◆ **RECORDS FOR THE EXERCISE**
........

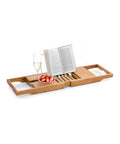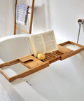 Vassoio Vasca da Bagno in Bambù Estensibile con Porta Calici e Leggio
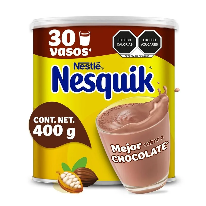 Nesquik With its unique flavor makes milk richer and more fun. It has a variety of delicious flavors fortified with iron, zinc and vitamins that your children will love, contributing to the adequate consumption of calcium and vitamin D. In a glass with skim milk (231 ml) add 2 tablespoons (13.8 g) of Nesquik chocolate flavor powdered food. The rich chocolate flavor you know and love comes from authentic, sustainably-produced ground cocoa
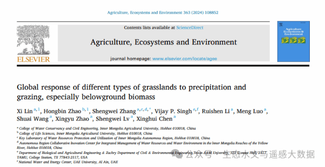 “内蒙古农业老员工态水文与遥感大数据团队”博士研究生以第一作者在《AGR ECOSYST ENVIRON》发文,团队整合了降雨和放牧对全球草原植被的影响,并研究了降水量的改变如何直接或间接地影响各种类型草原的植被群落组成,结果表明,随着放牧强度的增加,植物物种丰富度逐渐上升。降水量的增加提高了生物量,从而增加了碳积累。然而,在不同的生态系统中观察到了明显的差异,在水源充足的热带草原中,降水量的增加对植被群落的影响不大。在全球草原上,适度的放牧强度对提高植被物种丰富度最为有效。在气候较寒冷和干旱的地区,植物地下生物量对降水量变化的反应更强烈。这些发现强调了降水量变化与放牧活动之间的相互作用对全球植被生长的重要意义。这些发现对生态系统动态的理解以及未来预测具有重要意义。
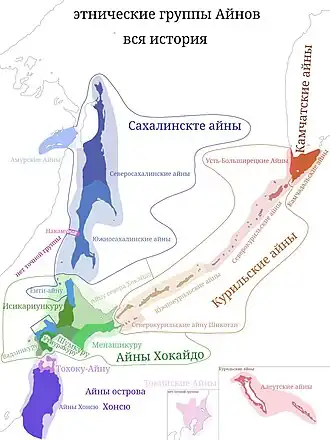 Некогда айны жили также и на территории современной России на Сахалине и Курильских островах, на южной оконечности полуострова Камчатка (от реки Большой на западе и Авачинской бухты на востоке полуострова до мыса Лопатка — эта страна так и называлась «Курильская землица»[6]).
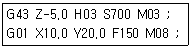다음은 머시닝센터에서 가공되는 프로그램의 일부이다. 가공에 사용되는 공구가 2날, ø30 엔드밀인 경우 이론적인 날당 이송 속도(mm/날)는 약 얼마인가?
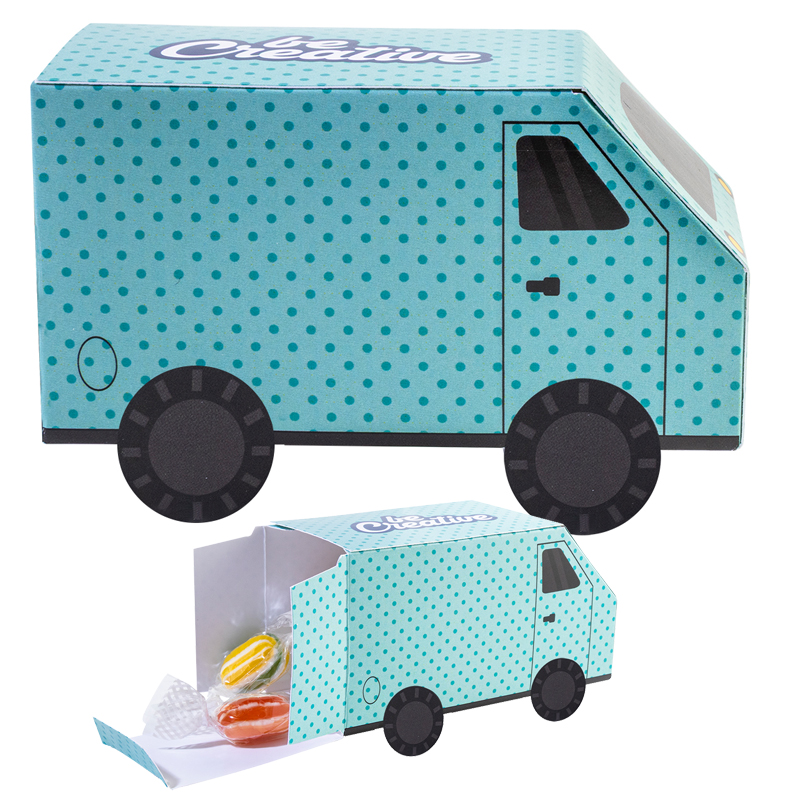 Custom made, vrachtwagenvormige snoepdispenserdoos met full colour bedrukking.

........

◆ **WHAT NEEDS TO BE DONE**
Pictures excluded, quote all the data above exactly.

◆ **EXERCISE RESULT**
 Vassoio Vasca da Bagno in Bambù Estensibile con Porta Calici e Leggio
 Nesquik With its unique flavor makes milk richer and more fun. It has a variety of delicious flavors fortified with iron, zinc and vitamins that your children will love, contributing to the adequate consumption of calcium and vitamin D. In a glass with skim milk (231 ml) add 2 tablespoons (13.8 g) of Nesquik chocolate flavor powdered food. The rich chocolate flavor you know and love comes from authentic, sustainably-produced ground cocoa
 “内蒙古农业老员工态水文与遥感大数据团队”博士研究生以第一作者在《AGR ECOSYST ENVIRON》发文,团队整合了降雨和放牧对全球草原植被的影响,并研究了降水量的改变如何直接或间接地影响各种类型草原的植被群落组成,结果表明,随着放牧强度的增加,植物物种丰富度逐渐上升。降水量的增加提高了生物量,从而增加了碳积累。然而,在不同的生态系统中观察到了明显的差异,在水源充足的热带草原中,降水量的增加对植被群落的影响不大。在全球草原上,适度的放牧强度对提高植被物种丰富度最为有效。在气候较寒冷和干旱的地区,植物地下生物量对降水量变化的反应更强烈。这些发现强调了降水量变化与放牧活动之间的相互作用对全球植被生长的重要意义。这些发现对生态系统动态的理解以及未来预测具有重要意义。
 Некогда айны жили также и на территории современной России на Сахалине и Курильских островах, на южной оконечности полуострова Камчатка (от реки Большой на западе и Авачинской бухты на востоке полуострова до мыса Лопатка — эта страна так и называлась «Курильская землица»[6]).
다음은 머시닝센터에서 가공되는 프로그램의 일부이다. 가공에 사용되는 공구가 2날, ø30 엔드밀인 경우 이론적인 날당 이송 속도(mm/날)는 약 얼마인가?
 Custom made, vrachtwagenvormige snoepdispenserdoos met full colour bedrukking.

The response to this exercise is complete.